As things stand, 19 wins out of 19 games have ensured Leinster of both a home semi-final in the Pro14 and a home European quarter-final against Saracens. Having earned top seeding going into the knock-out stages of the Champions Cup, victory over Saracens would ensure Leinster of a home European semi-final as well, against the winners of the Clermont-Racing quarter-final.
This year’s Champions Cup final has been moved from its intended venue, the Stade Velodrome in Marseilles, and only on foot of the quarter-finals being completed will the tournament organisers, EPCR, decide upon the final venues which will then be under consideration.

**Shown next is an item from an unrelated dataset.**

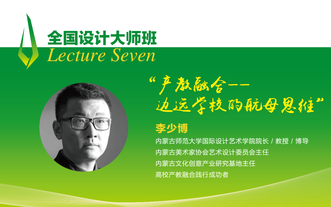 【JAI·讲】大师说 | 产教融合——边远学校的航母思维(摘要) 发布时间:2021年10月18日 17:45:00 浏览:次 首先介绍我们师范大学的设计学科。1954年建立了艺术科,1994年,师范大学从原有的美术学院下抽调了9位教师成立了国际设计艺术学院,2000年获得设计艺术学二级硕士学位授予权,2007年评为自治区品牌专业,2009年获得艺术硕士MFA的专业授权点,2011年拿到了一级学科硕士授予权。 ▲内蒙古师范大学国际设计艺术学院院长、教授 李少博

Similarly, the Pro14 organisers will look at their options to replace the Cardiff City Stadium for the 2019-20 final after the semi-final line-up has been decided, but given the possibility of three Irish teams being in the last four, there’s every chance the final will be held in the Aviva Stadium.
Conceivably therefore, were the European final also to be held there (and the Aviva will obviously be under serious consideration) then through a combination of their own performances and circumstances, Leinster could have five knock-out games at their home venue to complete a double which they’ve only ever completed once before.
No player, not least their captain, will want to miss out on any of those games and that shot at history.
There’ll have to be compromises along the way for that to happen, and on both sides. Leinster will have to rotate in their opening two rounds of interpros upon the resumption at the end of this month and again come December, but so too should Farrell to some degree in November.
In any event, Leinster may well have to dig deeper than ever before. In the double-winning campaign of 2017-18 they used 55 players over the course of the season, and last season it was 57, including nine debutants for the academy.
Those numbers could be eclipsed over the course of the next 12 months. It will be fascinating to see how it pans out.